In this connection, there is one more thing to be said, concerning the descriptions of strange beings met with in such accounts: since these descriptions naturally date at the earliest from ‘classical’ antiquity, a time at which an undeniable degeneration had already taken place from a traditional point of view, it is quite possible that confusions of more than one kind may have crept in. For instance, one part of these descriptions may really be derived from ‘survivals’ of a symbolism no longer fully understood,[53] whereas another part may be related to the appearances assumed by the manifestation of certain ‘entities’ or ‘influences’ belonging to the subtle domain, and yet another, though doubtless not the most important, may really be a description of beings that had a corporeal existence in more or less remote times, but belonged to species since then extinct or having survived only in exceptional conditions and as great rarities, such as are still sometimes met with today, whatever may be the opinion of people who imagine that there is nothing left in the world that they do not know about. It can be seen that in order to discern what lies at the bottom of all this, a fairly long and difficult piece of work would have to be undertaken, all the more so because the ‘sources’ available are far from providing uncontaminated traditional data; it is obviously much simpler and more convenient to discard the whole lot en bloc as the moderns do; they would anyhow not understand the truly traditional data themselves any better than those that are contaminated and would still see in them only indecipherable enigmas, and they will naturally adhere to this negative attitude until some new changes in the ‘face of the world’ come to destroy once and for all their deceptive security.
20
From Sphere to Cube
Now that a few ‘illustrations’ have been given of what has been called the ‘solidification’ of the world, there remains the question of its representation in geometrical symbolism, wherein it can be figured as a gradual transition from sphere to cube. Indeed, to begin with, the sphere is intrinsically the primordial form, because it is the least ‘specified’ of all, similar to itself in every direction, in such a way that in any rotatory movement about its center, all its successive positions are strictly superimposable one on another.[54] The sphere, then, can be said to be the most universal form of all, containing in a certain sense all other forms, which will emerge from it by means of differentiations taking place in certain particular directions; and that is why the spherical form is, in all traditions, that of the ‘Egg of the World’, in other words, the form of that which represents the ‘global’ integrality, in their first and ‘embryonic’ state, of all the possibilities that will be developed in the course of a cycle of manifestation.[55] It is as well to note in addition that this first state, so far as our world is concerned, belongs properly to the domain of subtle manifestation, inasmuch as the latter necessarily precedes gross manifestation and is its immediate principle. This is why the form of the perfect sphere, or that of the circle corresponding to it in plane geometry (as a section of the sphere by a given directional plane) is in fact never realized in the corporeal world.[56]
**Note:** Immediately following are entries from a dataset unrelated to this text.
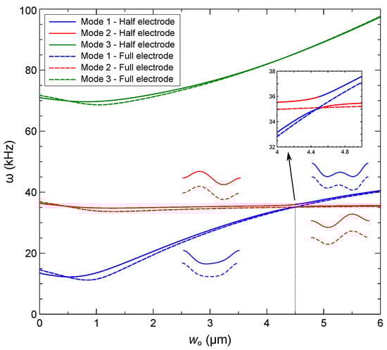 For comparison, we also show in Figure 9 the natural frequencies of the first three modes under full-electrode actuation with V. While the natural frequencies and mode shapes are similar to those of the half-electrode case, the symmetry of the electrical and mechanical domains result in crossing of modes 1 and 2 rather than the veering seen under asymmetry of the electrical field in the former case [41].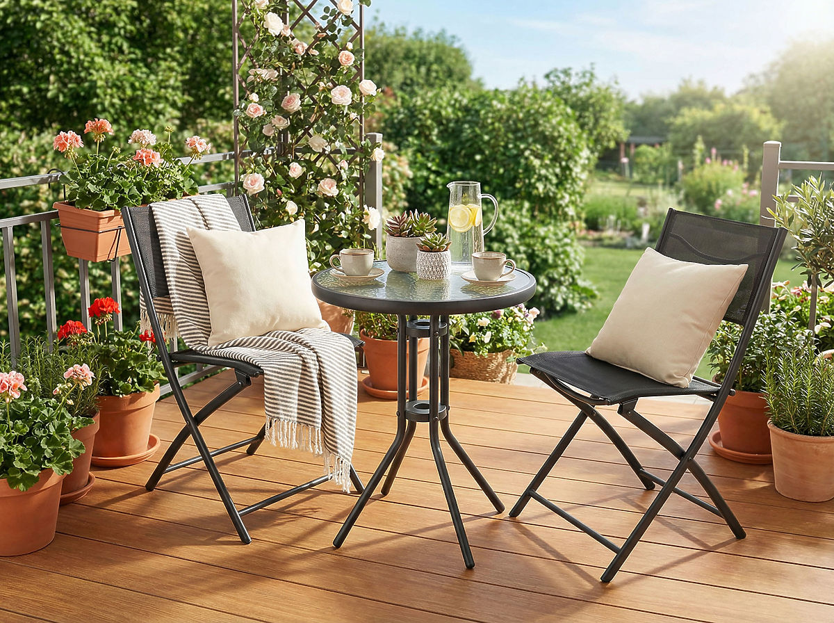 Modell: FLORA | Im Set: 2 Stühle und ein Tisch | Verwendung: Terrasse, Balkon, Garten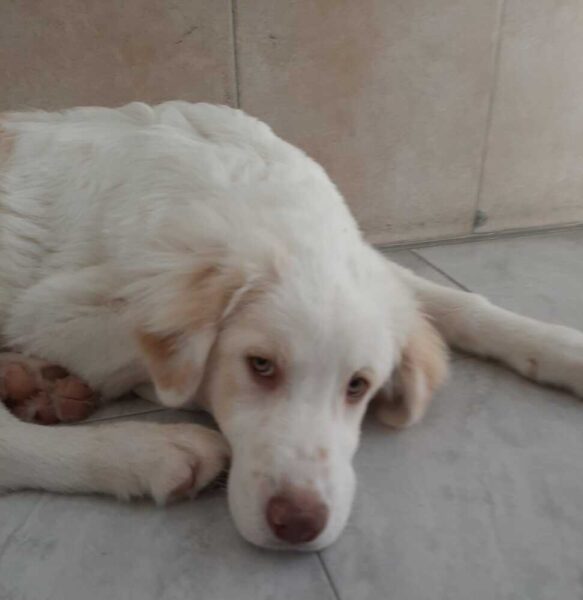 No SKY, un tenero cucciolo come te non può essere così mesto. Il tuo musetto e i bellissimi occhi di giada sono tristi. Un cucciolo dovrebbe correre, saltare, avere tante coccole, essere felice.SKY è uno splendido maremmanino nato l’ 1.11.2021.E’ un esserino buono, dolce e docile che deve trovare subito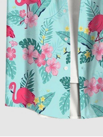 Chemise Fleurie Feuille Arbre Noix de Coco et Flamant Imprimés de Grande Taille avec Poche - Vert Clair - Vert Clair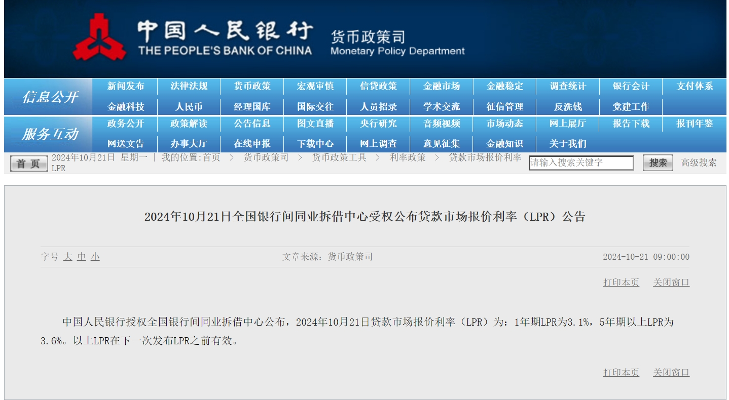 香港新聞網10月21日電 10月21日,中國人民銀行授權全國銀行間同業拆借中心公佈,2024年10月21日貸款市場報價利率(LPR)為:1年期LPR為3.1%,5年期以上LPR為3.6%。以上LPR在下一次發佈LPR之前有效。

On the other hand, the cube is opposed to the sphere as being the most ‘arrested’ form of all, if it can be so expressed; this means that it corresponds to a maximum of ‘specification’. The cube is also the form that is related to the earth as one of the elements, inasmuch as the earth is the ‘terminating and final element’ of manifestation in the corporeal state;[57] and consequently it corresponds also to the end of the cycle of manifestation, or to what has been called the ‘stopping-point’ of the cyclical movement. This form is thus in a sense above all that of the ‘solid’,[58] and it symbolizes ‘stability’ insofar as this implies the stoppage of all movement; and it is evident that the equilibrium of a cube resting on one of its faces is in fact more stable than that of any other body. It is important to note that this stability, coming at the end of the descending movement, is not and cannot be anything but an unqualified immobility, of which the nearest representation in the corporeal world is afforded by the minerals; and this immobility, if it could be entirely realized, would really be the inverted reflection at the lowest point of the principial immutability of the highest point. Immobility or stability thus understood, and represented by the cube, is therefore related to the substantial pole of manifestation, just as immutability, in which all possibilities are comprehended in the ‘global’ state represented by the sphere, is related to the essential pole;[59] and this is why the cube also symbolizes the idea of ‘base’ or ‘foundation’ which again corresponds to the substantial pole.[60] Attention must also be drawn to the fact that the faces of a cube can be considered as being oriented in opposite pairs corresponding to the three dimensions of space, in other words as parallel to the three planes determined by the axes forming the system of coordinates to which that space is related and which allows of its being ‘measured’, that is, of its being effectively realized in its integrality. It has been explained elsewhere that the three axes forming the th
ree-dimensional cross must be looked upon as being traced through the center of a sphere that fills the whole of space by its indefinite expansion (the three planes determined by these axes also necessarily passing through the same center, which is the ‘origin’ of the whole system of coordinates), and this establishes the relation that exists between the two extreme forms, sphere and cube, a relation in which what was interior and central in the sphere is so to speak ‘turned inside out’ to become the surface or the exteriority of the cube.[61]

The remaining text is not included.